Health

Additional Congressional Action Needed to Help Prevent Future Generic Drug Price Spikes

Price spikes for critical generic drugs continue to jeopardize patient access to health care and generate due bipartisan scrutiny on Capitol Hill. Though Congress has taken positive initial steps to help prevent the next Mylan – or Valeant, or Turing – additional action is needed to help increase competition in the generic market and mitigate future price spikes.

Health care providers and the patients they serve have long relied on generic drugs to reduce costs and increase access to essential medications. According to the National Bureau of Economic Research, within the first three years of the launch of the first generic competitor to a brand name product, the average generic drug has 12 competing manufacturers and the price decreases by 94 percent.

Despite this, the problem of generic price spikes persists and is increasingly occurring where there are two or fewer manufacturers for a product on the market. This lack of competition allows high prices to go largely unchecked.

A July 2016 Journal of the American Medical Association report found that at least four generic competitors are needed to ensure healthy markets, and that many treatment fields fall short of this threshold — for example, only two-thirds of cancer drugs have at least one generic.

Compounding the problem is the backlog of abbreviated new drug applications and the median review time for product approval at the U.S. Food and Drug Administration. Product approval time has consistently grown, from 30 months prior to 2011, to 26 months in 2013, to an estimated 42 months in 2014. A three- or four-year wait time stifles the ability of manufacturers who want to introduce competition into the market.

Increased competition in the generic drug market is critical to preventing and mitigating price spikes. But what specifically should be done?

As part of a September U.S. Government Accountability Office report on generic price spikes in the Medicare Part D program, manufacturers confirmed that the current backlog may be a barrier to market entry for new generic drug manufacturers and that competition could be increased if FDA would approve more ANDAs.

Senators Collins (R-Maine) and McCaskill (D-Mo.) have introduced bipartisan legislation, the “Increasing Competition in Pharmaceuticals Act” (S. 2615), which mandates FDA priority review of ANDAs for products with only one manufacturer.
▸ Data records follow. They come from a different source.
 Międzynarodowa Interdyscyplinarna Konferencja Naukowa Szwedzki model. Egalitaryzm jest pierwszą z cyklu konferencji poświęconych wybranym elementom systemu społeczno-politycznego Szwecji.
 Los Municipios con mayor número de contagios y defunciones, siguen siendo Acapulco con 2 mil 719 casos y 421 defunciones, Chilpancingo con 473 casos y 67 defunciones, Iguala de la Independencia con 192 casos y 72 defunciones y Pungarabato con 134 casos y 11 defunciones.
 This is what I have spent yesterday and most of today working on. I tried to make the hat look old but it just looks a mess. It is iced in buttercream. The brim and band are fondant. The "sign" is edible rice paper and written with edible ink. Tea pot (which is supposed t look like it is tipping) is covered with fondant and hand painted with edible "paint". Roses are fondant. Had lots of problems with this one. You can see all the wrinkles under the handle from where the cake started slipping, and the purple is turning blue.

HSCA and our health care group purchasing organization members support this legislation and think it is an important step to help increase competition.

Congress should also consider mandating priority review for generic injectable drugs with two or fewer manufacturers. Generic injectables are the workhorses of acute care facilities and bring great value to health care providers and patients.
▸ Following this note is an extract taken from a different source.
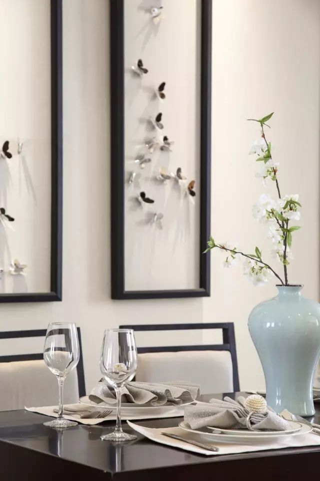 纯色系列的沙发,搭配多种颜色的抱枕,低调中的奢华感油然而生,而色彩中的变化,在视觉上给人很有层次。餐厅延续了客厅的设计,背景墙两边采用木饰板 壁灯的形式,中间则是深色边框把蝴蝶饰品框起组成与众不同的装饰画。蝴蝶可随机排列,呈现出一面很有生机的墙面。
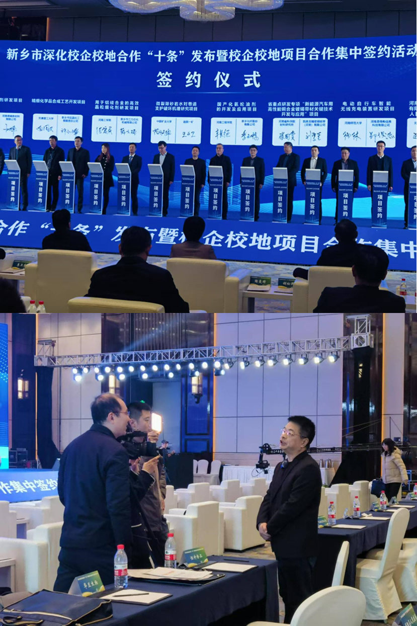会后,辛长征接受新乡广播电视台采访,介绍了我校的办学历史以及和新乡化纤股份有限公司长期的合作成果,并表示学院已搭建起产学研合作平台和人才培养基地,为企业输送了大量优质人才。辛长征强调,今后将继续优化人才培养机制,加强与我省头部企业合作,在相关“卡脖子”技术领域中发挥学校的学科专业优势,为开发具有自主知识产权和核心竞争力的氨纶国产化高端油剂贡献河工力量。

In addition, we urge Congress to mandate priority review of an ANDA in instances where there have already been significant spikes — specifically, where the market price of an existing product increases at a rate of more than five times the percent change that occurred in the Prescription Drugs Index of the Consumer Price Index for the previous year.

Common-sense policy solutions such as these will help foster competition, remove barriers to entry for new manufacturers, and help keep future price spikes in check.

 

Todd Ebert, R.Ph., is CEO of the Healthcare Supply Chain Association, which represents the sourcing and purchasing partners to hospitals, long-term care facilities, surgery centers and clinics.